• [Work to be completed]: Beneath this line are entries. Copy the range from the line with "Three-legged kettles made" to the line with "In the past", ends included, exactly; leave pictures out.

[Records from a data source]
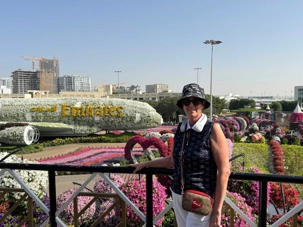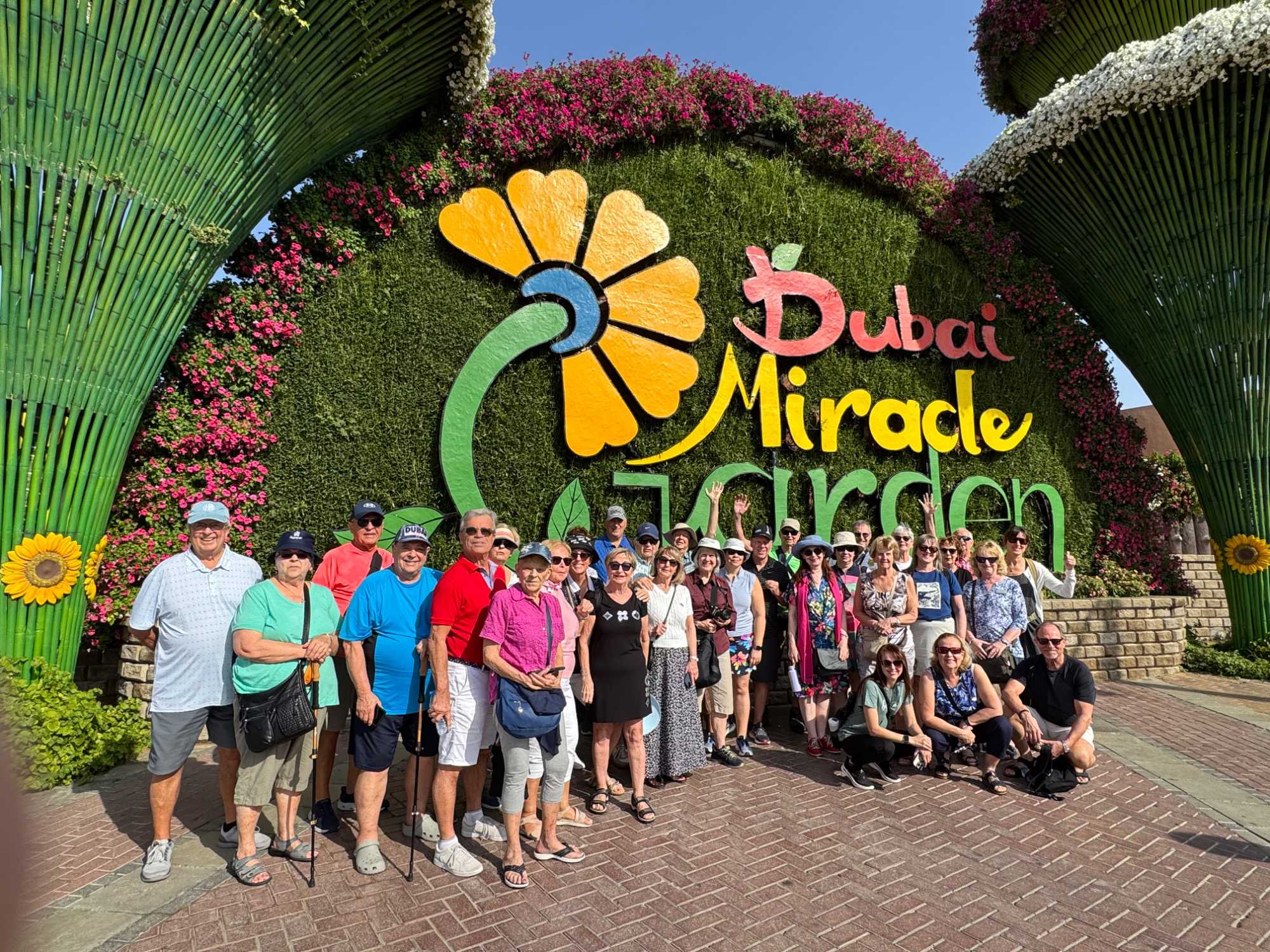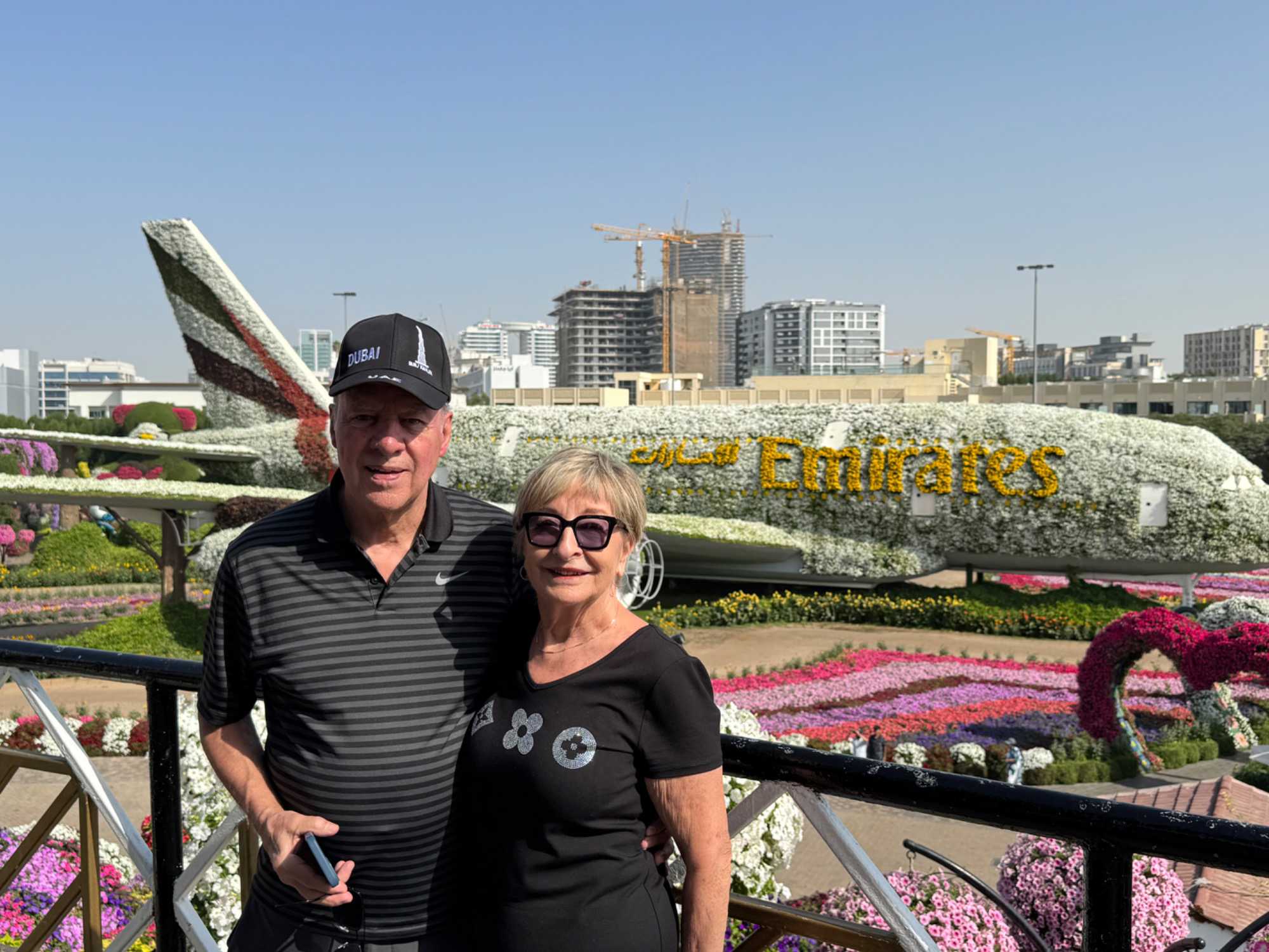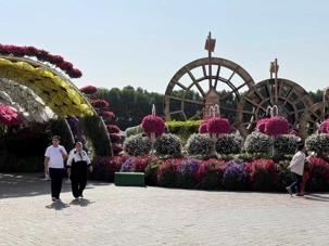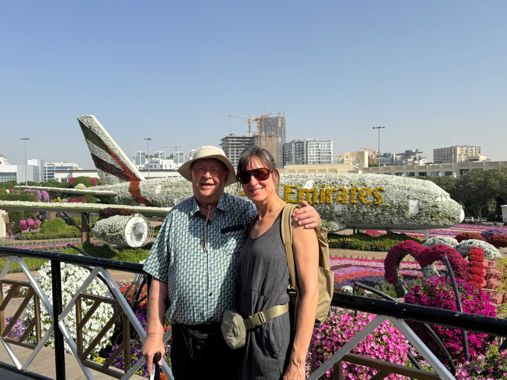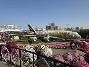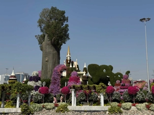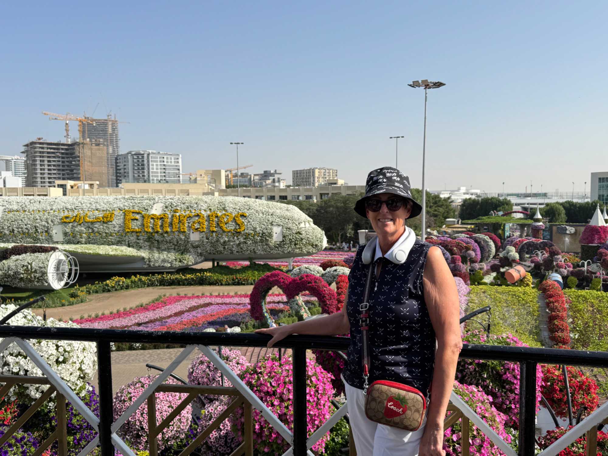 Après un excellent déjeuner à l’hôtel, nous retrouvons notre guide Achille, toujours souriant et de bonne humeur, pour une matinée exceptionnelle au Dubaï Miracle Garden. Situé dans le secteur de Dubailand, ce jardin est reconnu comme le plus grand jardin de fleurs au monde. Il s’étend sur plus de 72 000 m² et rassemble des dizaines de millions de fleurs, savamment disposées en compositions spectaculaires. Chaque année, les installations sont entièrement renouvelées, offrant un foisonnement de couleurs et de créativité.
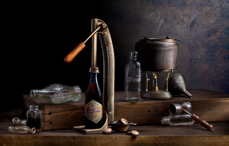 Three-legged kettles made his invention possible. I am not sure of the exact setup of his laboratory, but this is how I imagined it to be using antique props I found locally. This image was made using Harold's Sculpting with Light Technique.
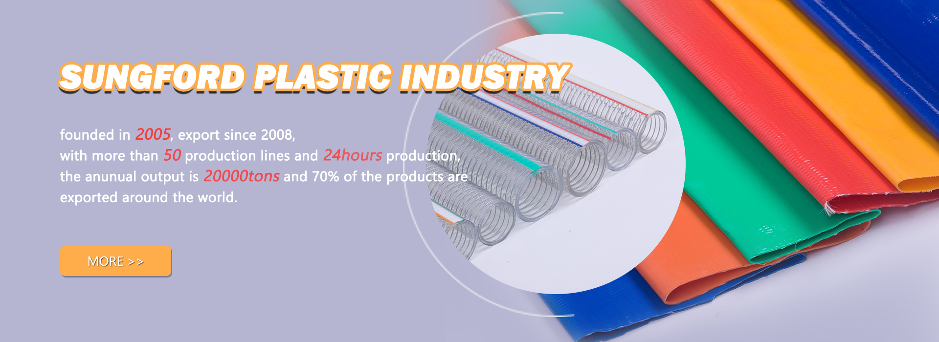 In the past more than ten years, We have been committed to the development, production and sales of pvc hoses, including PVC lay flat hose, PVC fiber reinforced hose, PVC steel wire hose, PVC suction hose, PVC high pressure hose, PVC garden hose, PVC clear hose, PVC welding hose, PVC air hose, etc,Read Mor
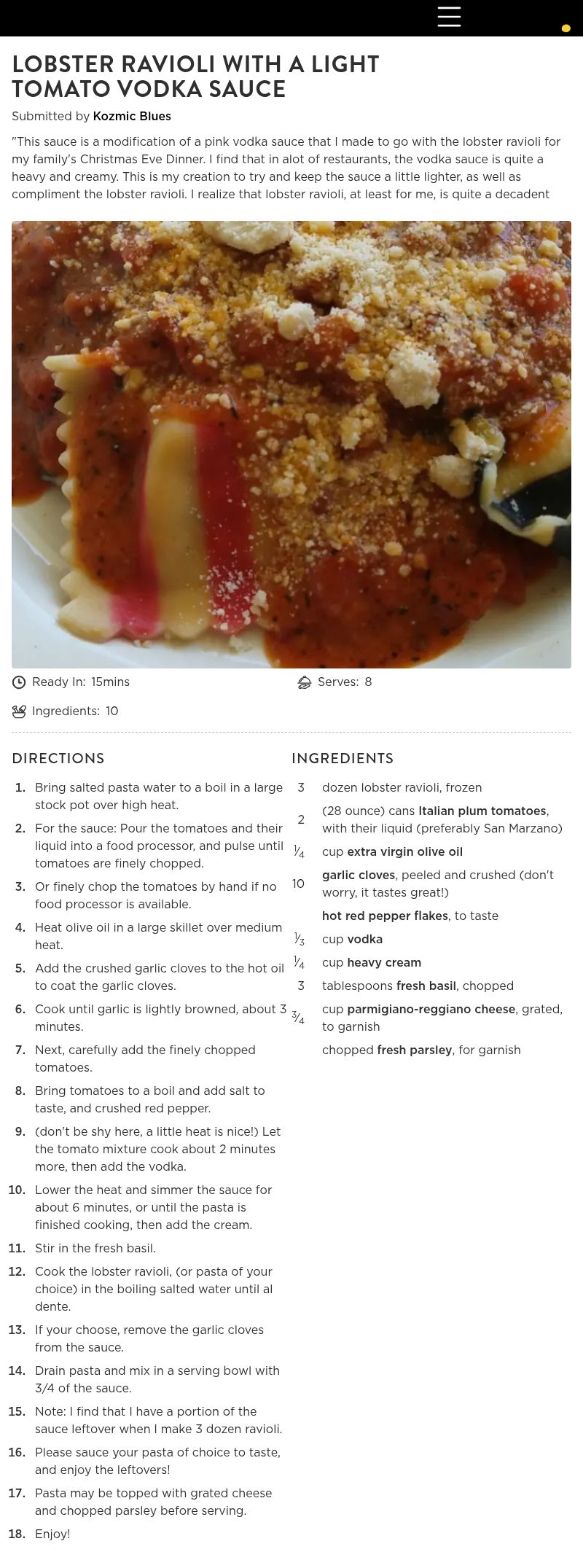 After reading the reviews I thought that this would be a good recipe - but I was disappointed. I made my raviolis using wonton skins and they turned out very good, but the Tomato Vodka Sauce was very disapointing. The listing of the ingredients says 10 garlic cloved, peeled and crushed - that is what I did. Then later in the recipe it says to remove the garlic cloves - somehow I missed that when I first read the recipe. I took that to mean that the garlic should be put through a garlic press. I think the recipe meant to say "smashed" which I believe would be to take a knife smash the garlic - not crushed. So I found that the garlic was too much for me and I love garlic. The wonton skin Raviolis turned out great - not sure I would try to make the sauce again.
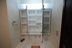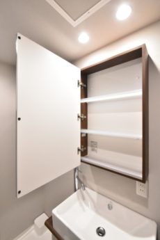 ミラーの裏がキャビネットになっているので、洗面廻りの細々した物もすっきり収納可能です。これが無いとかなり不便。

• [Written solution]:
 Three-legged kettles made his invention possible. I am not sure of the exact setup of his laboratory, but this is how I imagined it to be using antique props I found locally. This image was made using Harold's Sculpting with Light Technique.
 In the past more than ten years, We have been committed to the development, production and sales of pvc hoses, including PVC lay flat hose, PVC fiber reinforced hose, PVC steel wire hose, PVC suction hose, PVC high pressure hose, PVC garden hose, PVC clear hose, PVC welding hose, PVC air hose, etc,Read Mor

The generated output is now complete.